## How to complete this task
All records below are to be set down precisely as written, excluding pictures.
╔══
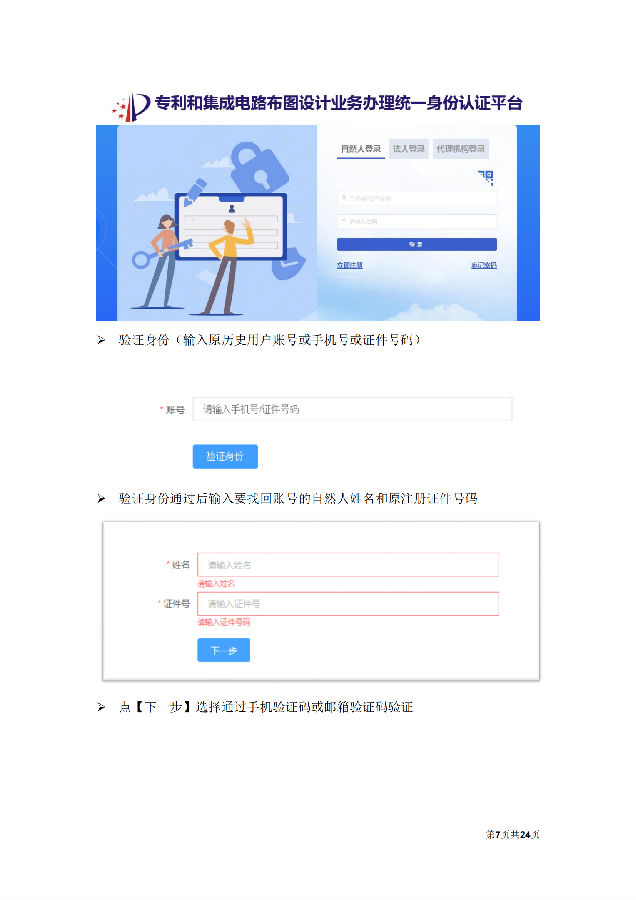 已在中国专利电子申请网、PCT电子申请网、专利事务服务系统、电子票据交付服务系统或集成电路布图设计电子申请平台注册账户(以下统称历史用户) 的用户,可以使用原账号和密码登录专利和集成电路布图设计业务办理统一身份认证平台(以下简称认证平台)完善并实名核验身份信息。
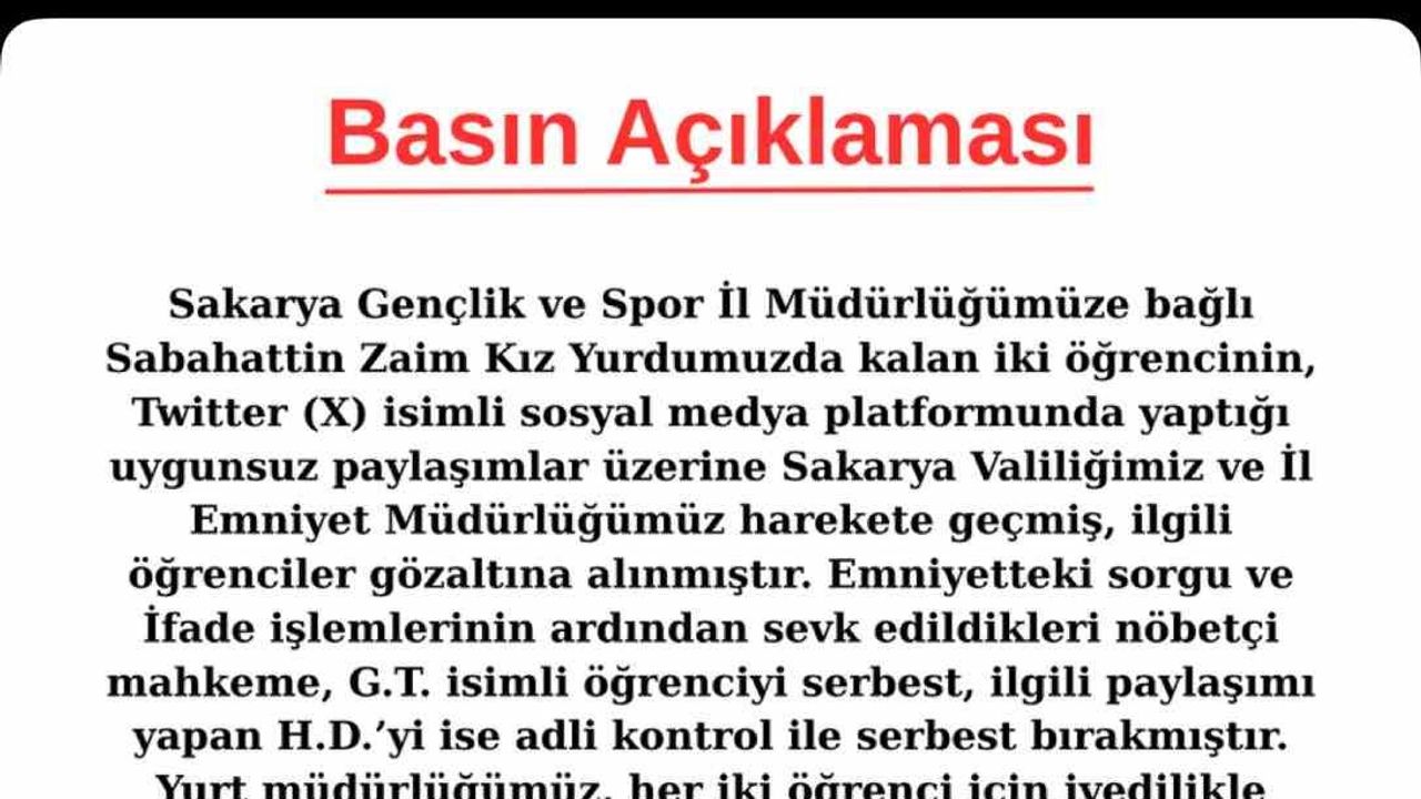 Öte yandan Gençlik ve Spor İl Müdürlüğü, kızların soruşturma süresi boyunca yurttan uzaklaştırıldığını duyurdu. Yapılan paylaşımda, "Sakarya Gençlik ve Spor İl Müdürlüğümüze bağlı Sabahattin Zaim Kız Yurdumuzda kalan iki öğrencinin sosyal medya platformunda yaptığı uygunsuz paylaşımlar üzerine Sakarya Valiliğimiz ve İl Emniyet Müdürlüğümüz harekete geçmiş, ilgili öğrenciler gözaltına alınmıştır. Emniyetteki sorgu ve ifade işlemlerinin ardından sevk edildikleri nöbetçi mahkeme, G.T. isimli öğrenciyi serbest, ilgili paylaşımı yapan H.D.’yi ise adli kontrolle serbest bırakmıştır. Yurt müdürlüğümüz, her iki öğrenci için ivedilikle disiplin soruşturması başlatmış ve Yurt Hizmetleri Yönetmeliği’nin 24/3 maddesine göre de öğrencilere soruşturma süreci boyunca yurttan uzaklaştırma cezası verilmiştir" ifadeleri yer aldı.
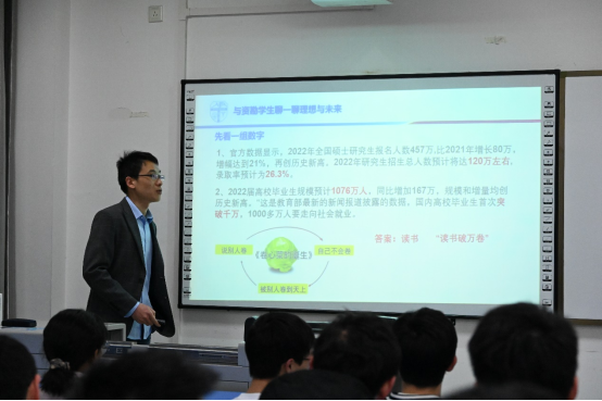 资源勘查工程专业的发展史和资勘是什么进行了详细的介绍,并展示了一组考研数据,指出如今考研形势严峻,提醒同学们要早做打算。在提问大家的考研初心是什么时,20级资勘班长刘熙塘同学回答到,他希望能通过读研进一步增加自己的知识储备。裴老师也表示,希望同学们能通过考研摆脱迷茫处境,养成良好的学习习惯,为自己的未来创造更多可能性,成为更好的自己;此外,裴老师还分享了历届资勘学长学姐的毕业去向表,并就考研科目、可考专业,院校选择给出了详细的建议和指导,并以陶渊明的一首《杂诗》寄语同学们能“及时当勉励,岁月不待人”。会议进入到尾声,17级资勘吕国森学长简短介绍了自己的学习经历,主要从保研、就业、考研三个方向分享了自己的心得体会和经验方法,并以“虽然未来藏在迷雾里,叫人看来胆怯,但当你踏足其中,就会云开雾散”结语。
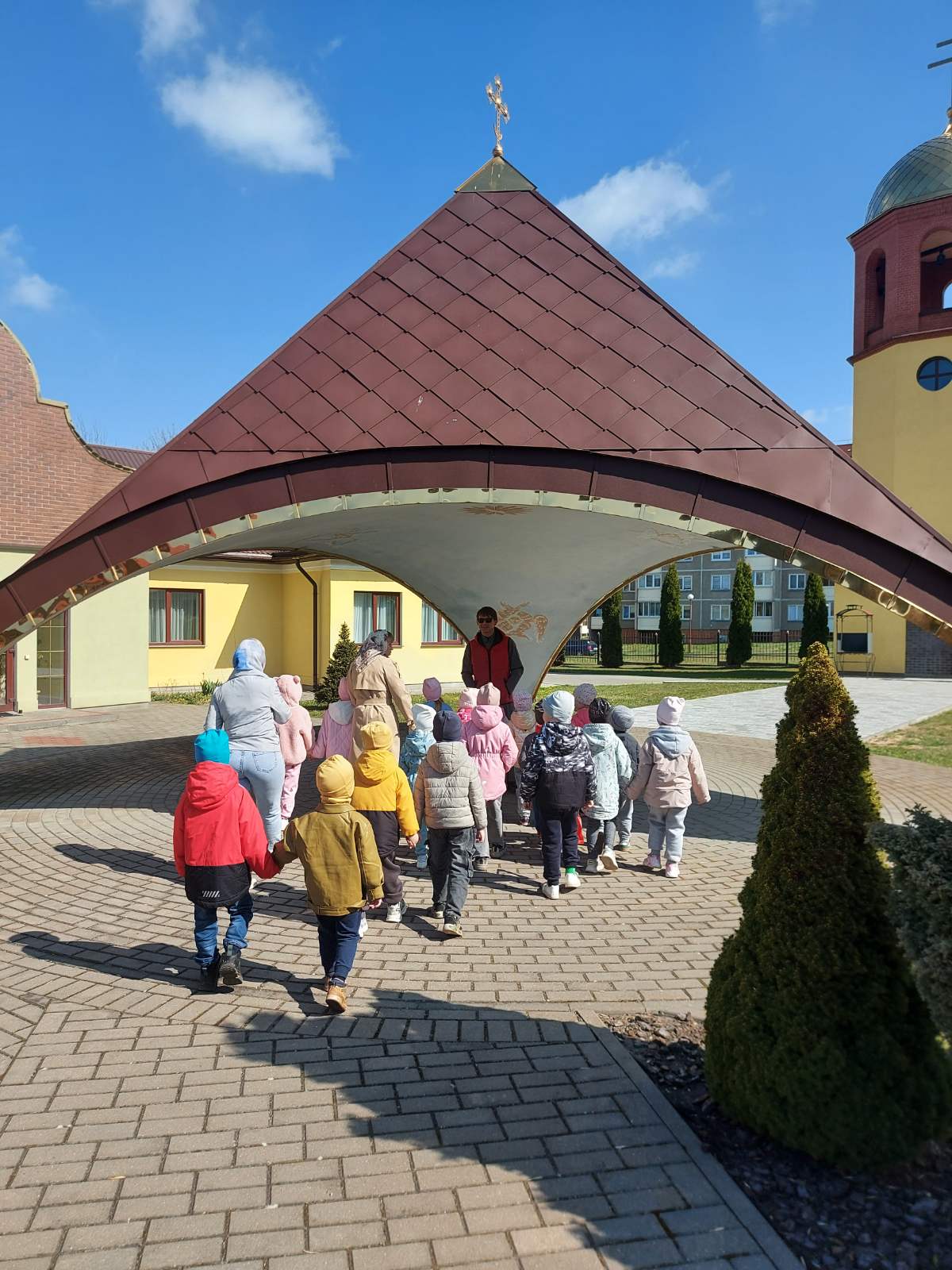 Священнослужитель познакомил детей с праздником Святой Пасхи, его историей и традициями, а также провел экскурсию по приходскому храмовому комплексу.
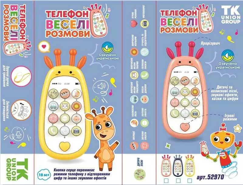 Телефон 52970 (120) ""TK Group"", 3 кольори, УКРАЇНСЬКЕ ОЗВУЧУВАННЯ, підсвічування, казки, пісні, колискові, мелодії, дзвінки, в коробці
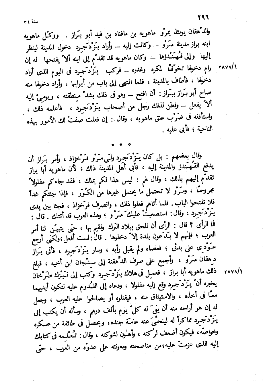 فما الرأي؟ قَالَ: الرأي أن نلحق ببلاد الترك ونقيم بِهَا، حَتَّى يتبين لنا أمر العرب، فإنهم لا يدعون بلدة إلا دخلوها قَالَ: لست أفعل، ولكنى أرجع عودي عَلَى بدئي، فعصاه ولم يقبل رأيه، وسار يزدجرد، فأتى براز دهقان مرو، وأجمع عَلَى صرف الدهقنة إِلَى سنجان ابن أخيه، فبلغ ذَلِكَ ماهوية أبا براز، فعمل فِي هلاك يزدجرد وكتب إِلَى نيزك طرخان يخبره أن يزدجرد وقع إِلَيْهِ مفلولا، ودعاه إِلَى القدوم عَلَيْهِ لتكون أيديهما معا فِي أخذه، والاستيثاق مِنْهُ، فيقتلوه أو يصالحوا عَلَيْهِ العرب، وجعل لَهُ إن هُوَ أراحه مِنْهُ أن يفي لَهُ كل يوم بألف درهم، وسأله أن يكتب إِلَى يزدجرد مماكرا لَهُ لينحي عنه عامة جنده، ويحصل فِي طائفة من عسكره وخواصه، فيكون أضعف لركنه، وأهون لشوكته، وَقَالَ: تعلمه فِي كتابك إِلَيْهِ الَّذِي عزمت عَلَيْهِ، من مناصحته ومعونته عَلَى عدوه من العرب، حتى
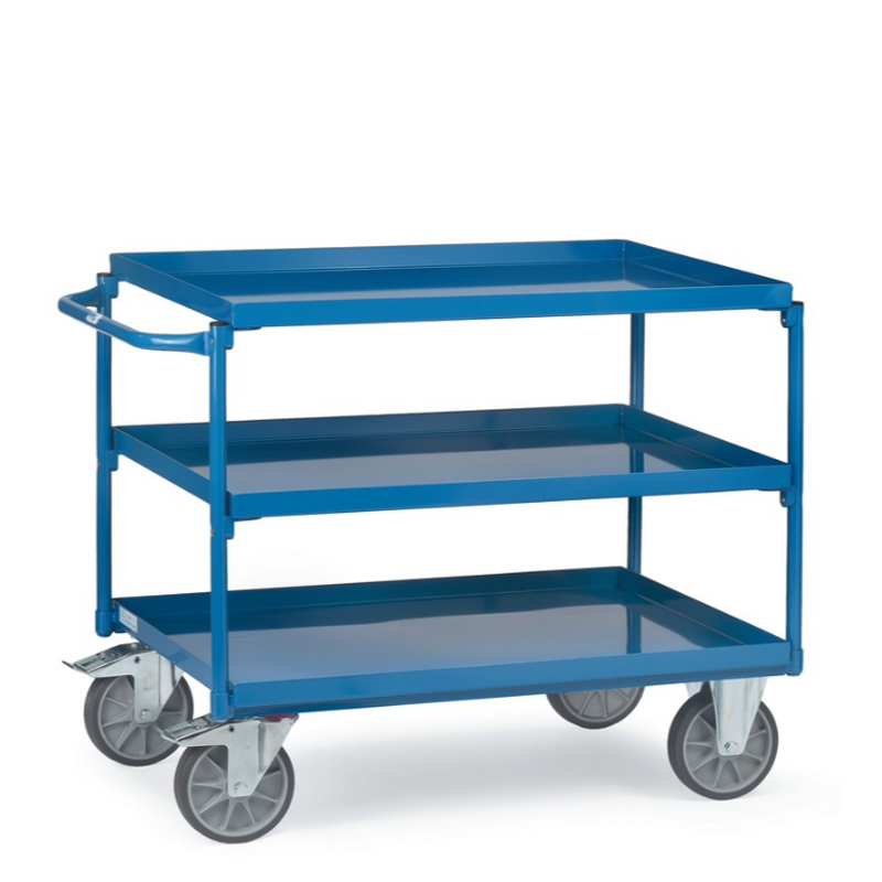 Praktische Tischwagen bestehend aus Wannen mit kleinen Rändern.
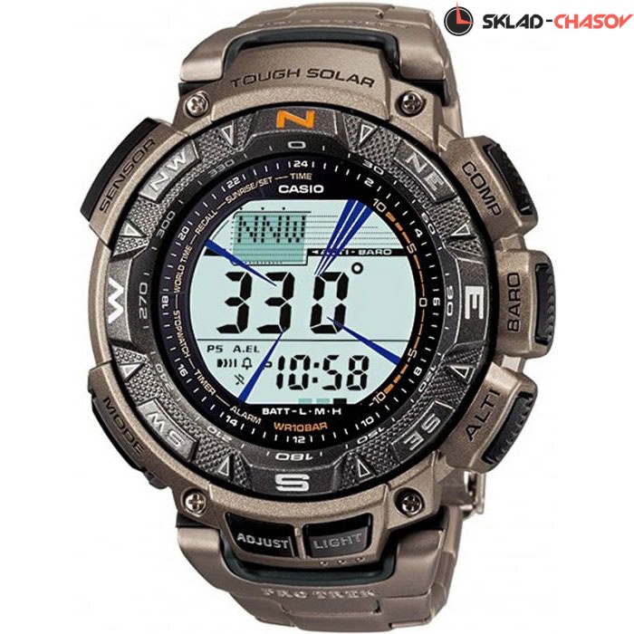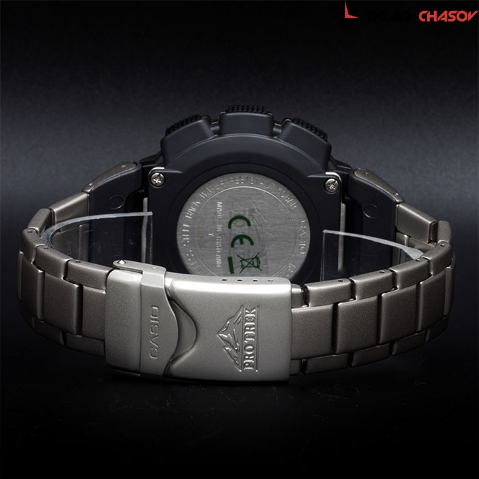 Надежные многофункциональные кварцевые часы из коллекции Pro-Trek для любителей приключений и активного отдыха. Электронный (цифровой) способ отображения времени. Двойной электронный дисплей. Точность хода не хуже +/-15 секунд в месяц. Питание от солнечной энергии, индикатор заряда батареи. Автоматическая электролюминесцентная подсветка. Встроенный цифровой компас. Альтиметр: встроенный датчик барометрического давления с возможностью вывода результатов в единицах высоты над уровнем моря. Максимальная высота - 10000 метров над уровнем моря. Барометр: встроенный датчик давления для измерения барометрического давления. Термометр. Мировое время в основных городах. Функция отображения времени восхода и захода солнца на основании введенных данных о широте и долготе в точке местонахождения. Секундомер с точностью показаний 1/100 сек и максимальным временем измерения - 24 часа. Таймер обратного отсчета. 5 ежедневных будильников. Автоматический календарь. Функция включения/выключения звука. Безель с направлениями сторон света. Часы рассчитаны на работу при низких температурах. Минеральное стекло высокой прочности устойчиво к мелким механическим повреждениям. Титановый браслет с тройным сгибом. Размеры корпуса 50.9x57.3x15.3 мм.
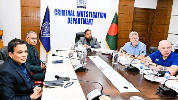 সিআইডি প্রধানের সাথে বিএফআইইউ ও যুক্তরাজ্যের ন্যাশনাল ক্রাইম এজেন্সি প্রতিনিধি দলের সৌজন্য সাক্ষাৎ
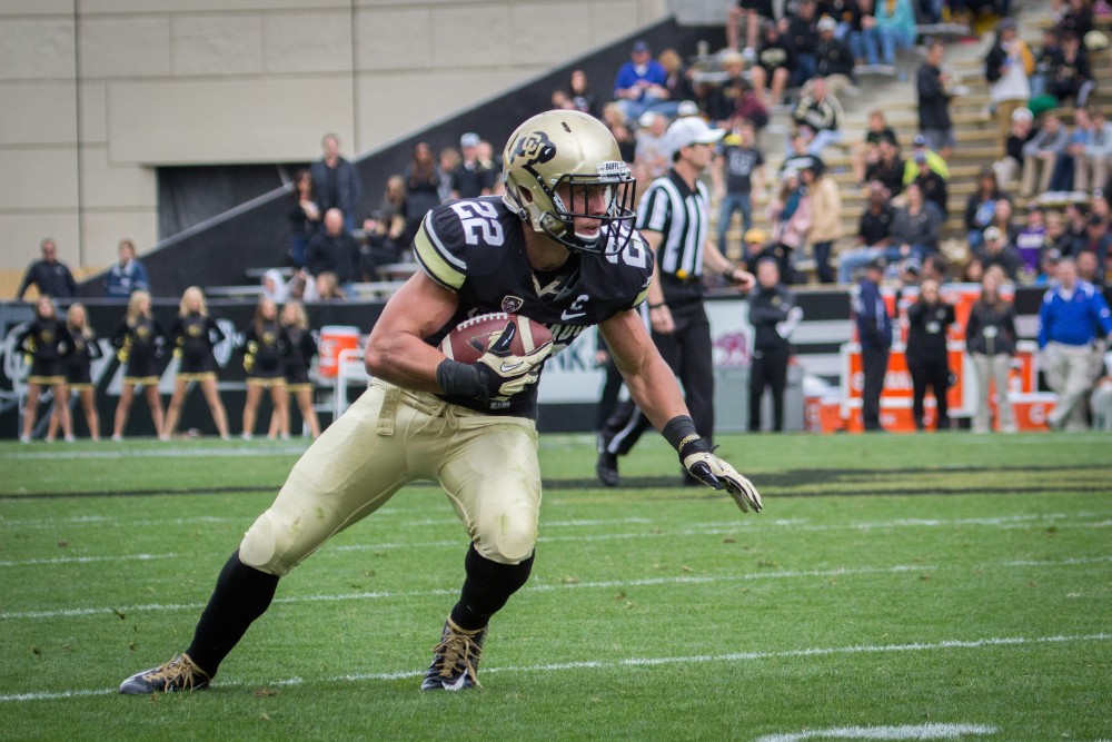 Junior wide reciever Nelson Spruce looks for a way out during a play. Spruce was the leading reciever with 13 catches for 138 yards. (Matt Sisneros/CU Independent)
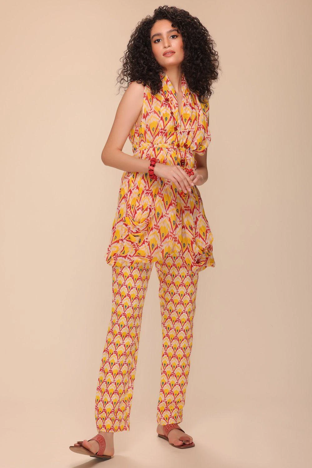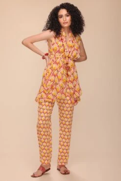 Indulge in the epitome of refined style with these pants featuring a waistband with back elastic, ensuring both comfort & a flattering fit. The side zipper adds a touch of sophistication, while the side pockets provide functionality and convenience.
╚══
## Task output
 已在中国专利电子申请网、PCT电子申请网、专利事务服务系统、电子票据交付服务系统或集成电路布图设计电子申请平台注册账户(以下统称历史用户) 的用户,可以使用原账号和密码登录专利和集成电路布图设计业务办理统一身份认证平台(以下简称认证平台)完善并实名核验身份信息。
 Öte yandan Gençlik ve Spor İl Müdürlüğü, kızların soruşturma süresi boyunca yurttan uzaklaştırıldığını duyurdu. Yapılan paylaşımda, "Sakarya Gençlik ve Spor İl Müdürlüğümüze bağlı Sabahattin Zaim Kız Yurdumuzda kalan iki öğrencinin sosyal medya platformunda yaptığı uygunsuz paylaşımlar üzerine Sakarya Valiliğimiz ve İl Emniyet Müdürlüğümüz harekete geçmiş, ilgili öğrenciler gözaltına alınmıştır. Emniyetteki sorgu ve ifade işlemlerinin ardından sevk edildikleri nöbetçi mahkeme, G.T. isimli öğrenciyi serbest, ilgili paylaşımı yapan H.D.’yi ise adli kontrolle serbest bırakmıştır. Yurt müdürlüğümüz, her iki öğrenci için ivedilikle disiplin soruşturması başlatmış ve Yurt Hizmetleri Yönetmeliği’nin 24/3 maddesine göre de öğrencilere soruşturma süreci boyunca yurttan uzaklaştırma cezası verilmiştir" ifadeleri yer aldı.
 资源勘查工程专业的发展史和资勘是什么进行了详细的介绍,并展示了一组考研数据,指出如今考研形势严峻,提醒同学们要早做打算。在提问大家的考研初心是什么时,20级资勘班长刘熙塘同学回答到,他希望能通过读研进一步增加自己的知识储备。裴老师也表示,希望同学们能通过考研摆脱迷茫处境,养成良好的学习习惯,为自己的未来创造更多可能性,成为更好的自己;此外,裴老师还分享了历届资勘学长学姐的毕业去向表,并就考研科目、可考专业,院校选择给出了详细的建议和指导,并以陶渊明的一首《杂诗》寄语同学们能“及时当勉励,岁月不待人”。会议进入到尾声,17级资勘吕国森学长简短介绍了自己的学习经历,主要从保研、就业、考研三个方向分享了自己的心得体会和经验方法,并以“虽然未来藏在迷雾里,叫人看来胆怯,但当你踏足其中,就会云开雾散”结语。
 Священнослужитель познакомил детей с праздником Святой Пасхи, его историей и традициями, а также провел экскурсию по приходскому храмовому комплексу.
 Телефон 52970 (120) ""TK Group"", 3 кольори, УКРАЇНСЬКЕ ОЗВУЧУВАННЯ, підсвічування, казки, пісні, колискові, мелодії, дзвінки, в коробці
 فما الرأي؟ قَالَ: الرأي أن نلحق ببلاد الترك ونقيم بِهَا، حَتَّى يتبين لنا أمر العرب، فإنهم لا يدعون بلدة إلا دخلوها قَالَ: لست أفعل، ولكنى أرجع عودي عَلَى بدئي، فعصاه ولم يقبل رأيه، وسار يزدجرد، فأتى براز دهقان مرو، وأجمع عَلَى صرف الدهقنة إِلَى سنجان ابن أخيه، فبلغ ذَلِكَ ماهوية أبا براز، فعمل فِي هلاك يزدجرد وكتب إِلَى نيزك طرخان يخبره أن يزدجرد وقع إِلَيْهِ مفلولا، ودعاه إِلَى القدوم عَلَيْهِ لتكون أيديهما معا فِي أخذه، والاستيثاق مِنْهُ، فيقتلوه أو يصالحوا عَلَيْهِ العرب، وجعل لَهُ إن هُوَ أراحه مِنْهُ أن يفي لَهُ كل يوم بألف درهم، وسأله أن يكتب إِلَى يزدجرد مماكرا لَهُ لينحي عنه عامة جنده، ويحصل فِي طائفة من عسكره وخواصه، فيكون أضعف لركنه، وأهون لشوكته، وَقَالَ: تعلمه فِي كتابك إِلَيْهِ الَّذِي عزمت عَلَيْهِ، من مناصحته ومعونته عَلَى عدوه من العرب، حتى
 Praktische Tischwagen bestehend aus Wannen mit kleinen Rändern.
 Надежные многофункциональные кварцевые часы из коллекции Pro-Trek для любителей приключений и активного отдыха. Электронный (цифровой) способ отображения времени. Двойной электронный дисплей. Точность хода не хуже +/-15 секунд в месяц. Питание от солнечной энергии, индикатор заряда батареи. Автоматическая электролюминесцентная подсветка. Встроенный цифровой компас. Альтиметр: встроенный датчик барометрического давления с возможностью вывода результатов в единицах высоты над уровнем моря. Максимальная высота - 10000 метров над уровнем моря. Барометр: встроенный датчик давления для измерения барометрического давления. Термометр. Мировое время в основных городах. Функция отображения времени восхода и захода солнца на основании введенных данных о широте и долготе в точке местонахождения. Секундомер с точностью показаний 1/100 сек и максимальным временем измерения - 24 часа. Таймер обратного отсчета. 5 ежедневных будильников. Автоматический календарь. Функция включения/выключения звука. Безель с направлениями сторон света. Часы рассчитаны на работу при низких температурах. Минеральное стекло высокой прочности устойчиво к мелким механическим повреждениям. Титановый браслет с тройным сгибом. Размеры корпуса 50.9x57.3x15.3 мм.
 সিআইডি প্রধানের সাথে বিএফআইইউ ও যুক্তরাজ্যের ন্যাশনাল ক্রাইম এজেন্সি প্রতিনিধি দলের সৌজন্য সাক্ষাৎ
 Junior wide reciever Nelson Spruce looks for a way out during a play. Spruce was the leading reciever with 13 catches for 138 yards. (Matt Sisneros/CU Independent)
 Indulge in the epitome of refined style with these pants featuring a waistband with back elastic, ensuring both comfort & a flattering fit. The side zipper adds a touch of sophistication, while the side pockets provide functionality and convenience.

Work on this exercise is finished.